Dürrenmatt hayatı boyunca epistemoloji ve doğa bilimlerinin etik sorunları ile uğraştı . Okuldan beri fizik ve matematiğe özel bir düşkünlüğü vardı . Ancak, bu konularda "şaşırtıcı" olduğunu itiraf etti ve şöyle dedi: "Matematiksel veya fizik kitapları okurum, ancak içeriklerini yalnızca tahmin edebilirim." Dürrenmatt , Konrad Bleuler de dahil olmak üzere nükleer fizikçilerle kişisel temasını sürdürdü . Herbert Georg Beutler'in karakteri. Fizikçinin eylem yeri, Dürrenmatt'ın memleketi Neuchâtel yakınlarındaki Préfargier psikiyatri kliniği hakkındaki bilgisine ve Lozan yakınlarındaki kuzeninin kocası tarafından işletilen başka bir kliniğe kişisel ziyaretine kadar uzanıyor .

Kurum başkanının aslen erkek olan rolünün neden kadın olarak değiştirildiği ve Dürrenmatt'ın hayran olduğu ve oyunun kendisine ithaf edildiği oyuncu Therese Giehse'nin hangi rolü oynadığı sorusuna yazar çeşitli cevaplar verdi. O rapor Jürg Ramspeck : “Ben gerçekten de kaz birkaç gösterdim mi fizikçinin tasarımını kaz o deli doktorculuk oynamak istediğini söyledi bunun üzerine. Ancak Urs Jenny ile yaptığı bir röportajda şunları vurguladı: “Aslında, Therese Giehse uğruna psikiyatristi fizikçilerde bir doktora çevireceğime dair güzel anekdot bile doğru değil . Değişiklik, belirleyici bir karşıtlık, uzun zamandır aradığım bir gerilim verdi. ” Fritz J. Raddatz ile yaptığı röportajda şöyle devam etti:“ Önce bir psikiyatrist tasarlamıştım. Sonra, üç fizikçinin katı mantığa dayalı dünyasının ancak deli bir kadınla yüzleşebileceğini anladım.
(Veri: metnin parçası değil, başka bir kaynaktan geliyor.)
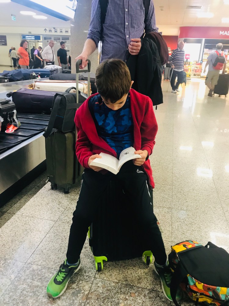 {Ben is a BIG reader now and finished a few pages while waiting for our luggage to arrive in Malta.}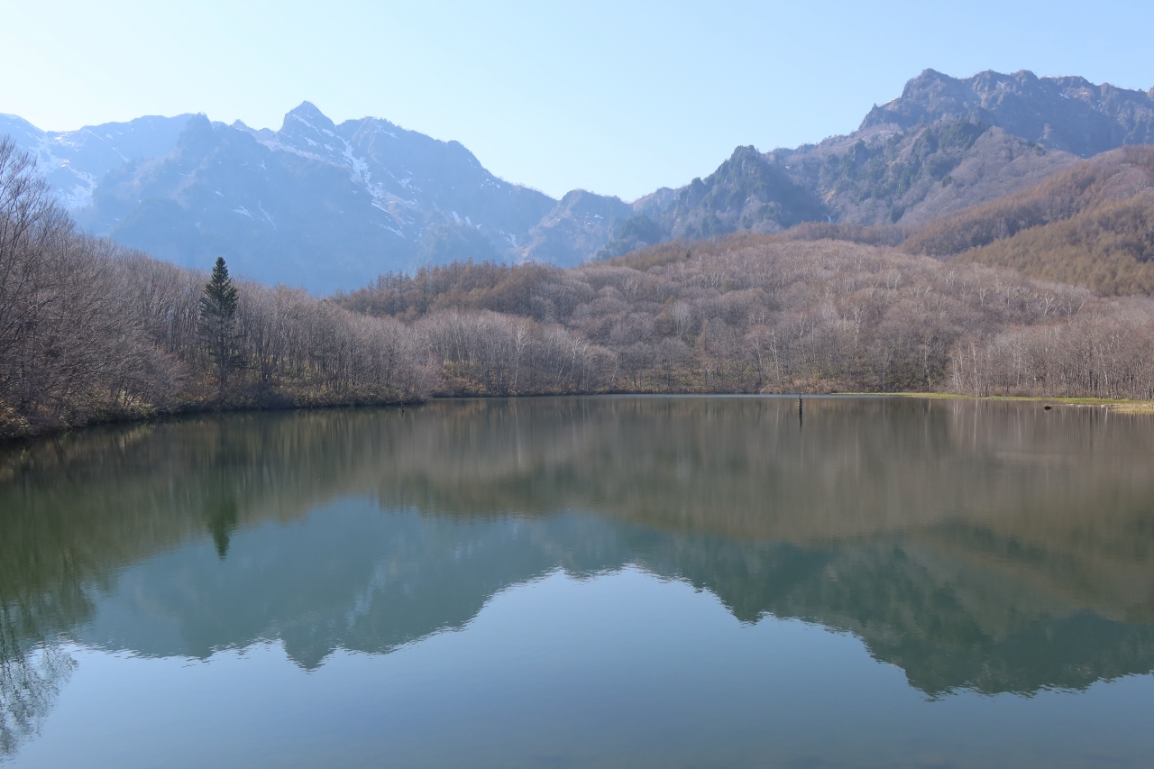 戸隠の小鳥ケ池から西に入った所に鏡池があります。この池は名前の通りで、池面が鏡の様に静かで、池の奥にそびえる西岳、戸隠山と、池面に映り込んだ西岳、戸隠山の姿が絵画の様に見えます。池の周辺は芝生に広場もあり、鏡池の移り行く姿を見ながらまったりするのも良いかと思います。戸隠一の絶景スポットではないでしょうか。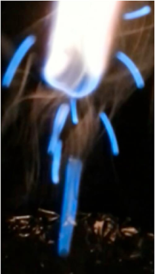 These light blue sparks come from the HydroBlaze, an organic water-based hydrogen fuel invented by the two brothers. The wick is coated with the fuel and then dipped into normal wax. When lit, the hydrogen containing fuel combusts forming cyan-blue sparks of hydrogen energy.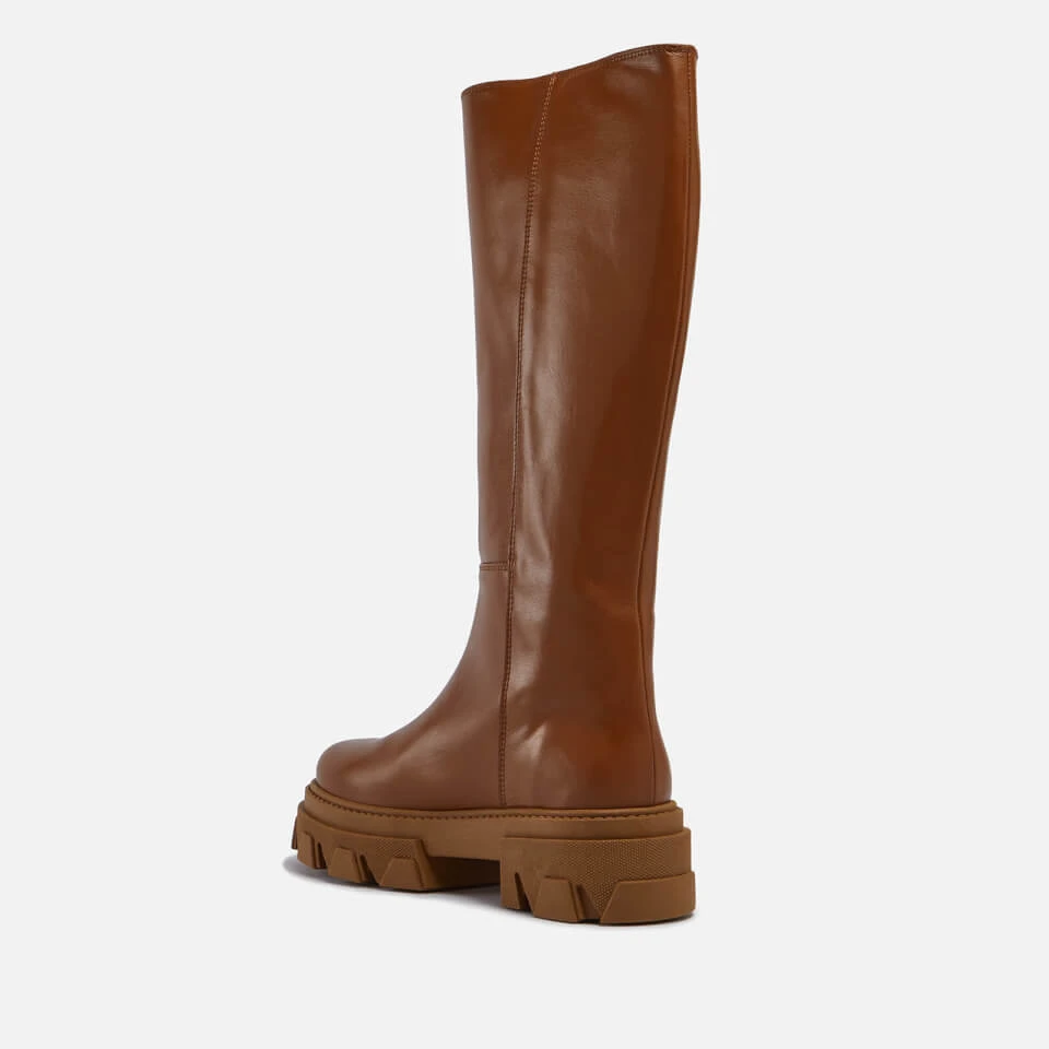 ALOHAS’ Katiuska knee-high boots have chunky rubber soles, making them practical as well as chic. They’re made from leather and hit just below the knee. They’ll work with skinny jeans as well as mini hemlines.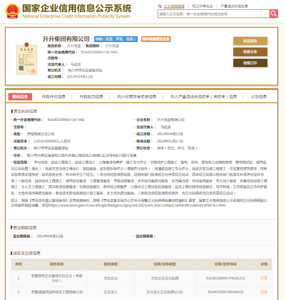 国家企业信用信息公示系统显示,升升集团有限公司成立于2013年,法定发表人马建波,注册资本12050万元人民币,大股东为宁夏诚捷祥园林绿化工程有限公司。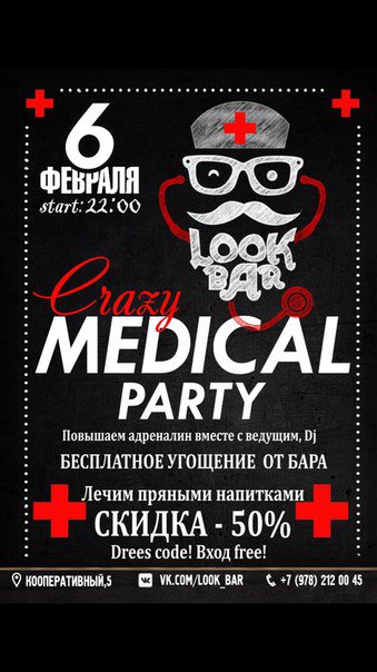 6 февраля 22.00 LOOK BAR приглашает всех на вечеринку CRAZY MEDICAL PARTY .

Kendi evrenini yaratan çılgın bir tanrı gibi”.

Dürrenmatt fizikçilerini 1959'da Meteor üzerindeki çalışmalara ve Noel hikayesine paralel olarak geliştirdi . Dürrenmatt , önceki oyunun Beşinci Frank'in başarısızlığının izlenimi altında "nispeten basit bir parça yazmayı" planladı. Zürih Arche Verlag . Diogenes Verlag'ın eserinin baskısının bir parçası olarak 1980'de yayınlanan “son versiyon” sadece küçük detaylarda farklılık gösteriyor. 1961 yılında yazılan Dramaturgischer Rat şiiri oyunla doğrudan ilişkilidir .

kronolojik analiz

1. perde

Giriş

Parça, sadece üç hastanın, fizikçiler Newton, Einstein ve Möbius'un tedavi edildiği bir blok olan “Les Cerisiers” ( Fransızca “Kiraz Ağaçları”) tımarhanesinin “villası” boyunca gerçekleşir . Kliniğin bulunduğu küçük kasaba, sessiz konumu ve arka planda “mavi dağlar” nedeniyle pastoral bir ortam sunuyor gibi görünüyor. Bununla birlikte, oradaki "mütevazı" üniversite, ıslahevi ve "harabe" tımarhanenin kendisi, dış cephe ile onun arkasındaki gizli sorunlar arasındaki farka şimdiden işaret eden, biraz çökmüş ve küçük-burjuva bir izlenim uyandırıyor.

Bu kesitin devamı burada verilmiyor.